Small modular reactors, shipyard construction, island energy security, and the maritime law questions that may follow.
Floating nuclear power is emerging as one of the more significant new concepts in offshore energy. Once treated as a niche or experimental idea, floating nuclear power plants are receiving renewed attention because of several converging pressures: rising electricity demand, reliable low-carbon power, limited land availability, energy-security concerns, and the growing need for fresh water in coastal and island communities.
However, floating nuclear power is not merely a nuclear-energy issue — it is a shipyard, towage, mooring, inspection, marine-operations, offshore-support, emergency-response, insurance, and maritime-liability issue. The success of these projects may not only mean more offshore jobs, but new questions about worker safety, vessel operations, regulatory compliance, and legal responsibility when something goes wrong.
The Basic Concept
A floating nuclear power plant, often called an FNPP, is a nuclear generation unit mounted on a barge, vessel, or floating platform. Rather than being built entirely at a fixed land-based site, the unit may be fabricated in whole or in part in a controlled shipyard environment, transported by water, moored near a coastal demand center, and connected to the local power grid.
The appeal is practical: many coastal regions, remote industrial sites, ports, mines, and island nations need dependable electricity, but face hard limits on land availability, fuel supply, grid capacity, and access to conventional infrastructure/logistics. A floating nuclear unit could potentially provide steady, reliable electricity, without requiring a dedicated site ashore.

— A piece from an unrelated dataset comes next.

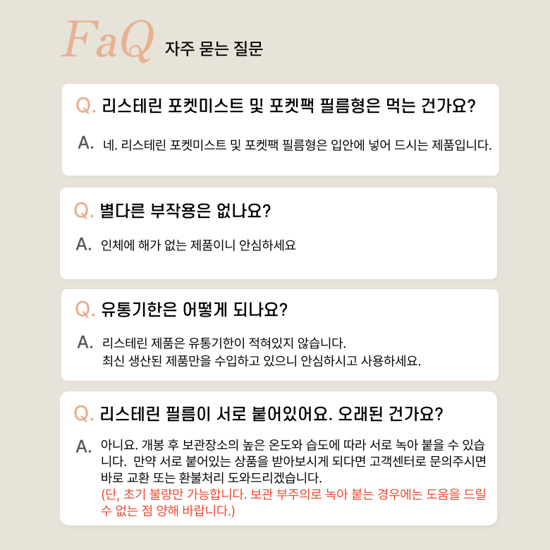 - 가격, 판매자, 교환/환불 및 배송 등 해당 상품 자체와 관련 없는 문의는 고객센터 내 1:1 문의하기를 이용해주세요.
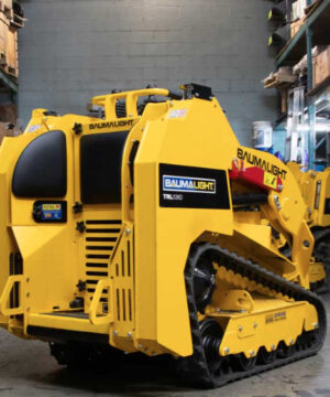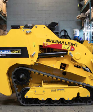 Manufactured in Ontario Canada, the TRL536D stand-on compact Utility Track Loader is designed to easily navigate through tight spaces. Notably, with a width of 36 inches, it ensures easy access to even the most confined areas and good productivity on the tools powered with a Kubota diesel engine. Like the big skidsteers, the hydrostatic drive is configured with real joystick controls and hydraulic pilot lines. The unit ships with narrow tracks but wide tracks can be installed for less ground compaction if desired and the Baumalight all-metal frame compact track loader also has a floating smooth riding raised platform for better sight when navigating through tight spaces.

For small island nations, developing states, and remote coastal regions that rely heavily on imported diesel or fuel oil — a dependence that exposes them to volatile prices, difficult logistics, supply interruptions, and high electricity costs — floating nuclear power could offer a more stable energy alternative.

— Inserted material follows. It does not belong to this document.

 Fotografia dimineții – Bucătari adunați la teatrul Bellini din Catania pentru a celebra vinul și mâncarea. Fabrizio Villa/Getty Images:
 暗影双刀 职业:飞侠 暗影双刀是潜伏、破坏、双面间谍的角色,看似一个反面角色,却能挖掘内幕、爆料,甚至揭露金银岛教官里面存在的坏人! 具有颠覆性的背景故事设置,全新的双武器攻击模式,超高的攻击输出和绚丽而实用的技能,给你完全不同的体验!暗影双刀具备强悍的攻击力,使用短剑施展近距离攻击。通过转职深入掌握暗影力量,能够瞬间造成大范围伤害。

Some designs also may produce heat for industrial use or support desalination, the process of removing salt from seawater to produce freshwater. Where energy security and water security are closely linked, that dual-use capability could meaningfully improve the financial case for deployment.
Why Small Modular Reactors Matter
Most floating nuclear concepts rely on small modular reactor (SMR) technology — reactors designed to be smaller than traditional gigawatt-scale nuclear plants. There are 83 SMR designs at various stages of development or deployment worldwide, and they are often promoted as easier to standardize, manufacture, transport, and deploy in stages.
The modular concept matters. In theory, standardized designs and factory-style construction could reduce some of the cost and schedule risk historically associated with large nuclear projects. Shipyard fabrication also may allow for better quality control, more repeatable construction, and less disruption at the final deployment site.
Scale matters for offshore power markets too. A remote island grid, port, mine, desalination facility, or offshore industrial cluster may not need a massive conventional nuclear plant, but be better served by a smaller, steady, long-duration power source matched to local demand.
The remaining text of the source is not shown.